The Psychology of Parental Control: How Well-Meant Parenting Backfires

The Psychology of Parental Control: How Well-Meant Parenting Backfires

The Psychology of Parental Control: How Well-Meant Parenting Backfires

The Psychology of Parental Control: How Well-Meant Parenting Backfires


What is parental control? Is it positive or negative for children? What makes parents controlling with their children, even when they value supporting children's autonomy? Are there alternatives to control and how might we apply them in important domains of children's lives, such as school and sports? This book addresses these and other questions about the meaning and predictors of parental control, as well as its consequences for children's adjustment and well-being. While the topic of parental control is not new, there has been controversy about the concept, with some researchers and clinicians weighing in on the side of control and others against it. This book argues that part of the controversy stems from different uses of the term, with some investigators focusing more on parents being in control and others on controlling children. Using a definition of control as "pressure for children to think, feel, or behave in specific ways," the author explores research on parental control, arguing that there is more consensus than previously thought. Using this research base, the author provides evidence that parental control can be subtle and can lurk within many "positive" parenting approaches; parental control undermines the very behaviors we wish to inculcate in our children; providing autonomy support--the opposite of control--is a challenge, even when parents are committed to doing so.

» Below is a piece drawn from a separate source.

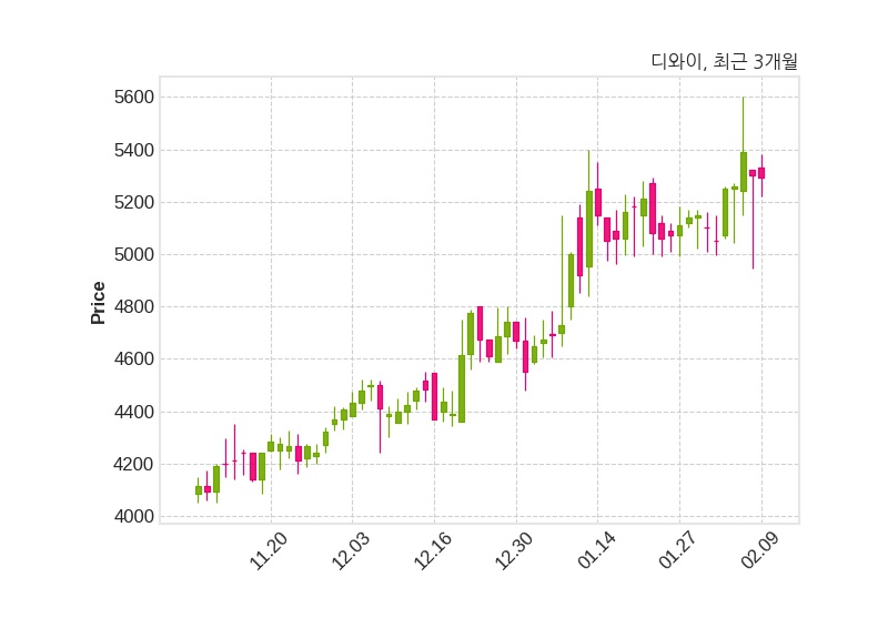 한편, 디와이는 장 마감 이후 해당 기업공시를 발표했으며 오늘 종가가 5,290원, 거래량은 118,166주로, 직전 거래일 대비 10원(-0.19%) 하락했다.

With controversy in the literature about parental control and attention in the media on the ways in which parents step over the control line (e.g., screaming on the soccer sidelines, pressuring children in academics), this book is especially timely. It provides an empathic view of how easily parents can become trapped in controlling styles by emphasizing performance and hooking their own self-esteem on children's performance. Examples of how this can happen in academic, sporting, and peer situations with their emphasis on competition and hierarchy are provided, as well as strategies for parenting in highly involved but autonomy supportive ways.

A highly readable yet research-based treatment of the topic of parental control, this book:

• explores the controversial topic of parental control; addresses controversy about the positive and negative effects of parental control; and disentangles various parenting concepts, such as involvement, structure, and control;

• illustrates how control can be overt, such as in the use of corporal punishment or covert, as in the use of controlling praise;

• provides evidence that control may produce compliance in children preventing them from initiating and taking responsibility for their own behavior;

• explores why parents are controlling with their children, including environmental and economic stresses and strains, characteristics of children that "pull" for control, and factors in parents' own psychologies that lead them to be "hooked" on children's performance; and

• provides examples of control in the areas of academics and sports--the hierarchical and competitive nature of these domains is seen as contributing to parents' tendencies to become controlling in these areas.


When Courtney brought her home report card with three Cs—two more than in the previous grading period-her parents were upset. Feeling they had to act quickly to be sure Courtney did better the next time, they came up with a "positive approach. " Signing the report card the following morning, her mother made an announcement: "For every A you bring home next grading period, I'll give you $10," she told Courtney. "For every B, $5."

Lily's parents were shocked and dismayed when her report card turned up with all those Cs. They told her how disappointed they were. "We were very displeased last grading period. You let us down again." For the next few days, the atmosphere in Lily's house was noticeably chilly. Her parents spoke only to answer questions. Their plan was to get to Lily. By behaving this way, they were trying to convey just how distressed they were.

What do these approaches have in common? In each scenario the parents are concerned and involved. They are taking action in order to change the situation. But which of these responses is controlling? The first one, a positive approach that uses rewards, or the second one, which employs a negative approach, using criticism in order to evoke guilt? According to many people, the latter example would clearly fall into the "controlling" category, for there is some, although not complete, consensus that critical, hostile behavior with the threat of withdrawal of love is controlling (e.g., B. K. Barber, 1996).

Consider, however, Courtney's parents' solution to the dilemma of the lackluster report card. They decided to use positive reinforcement. Praise, rewards, and positive reinforcement are often considered conducive to children's development.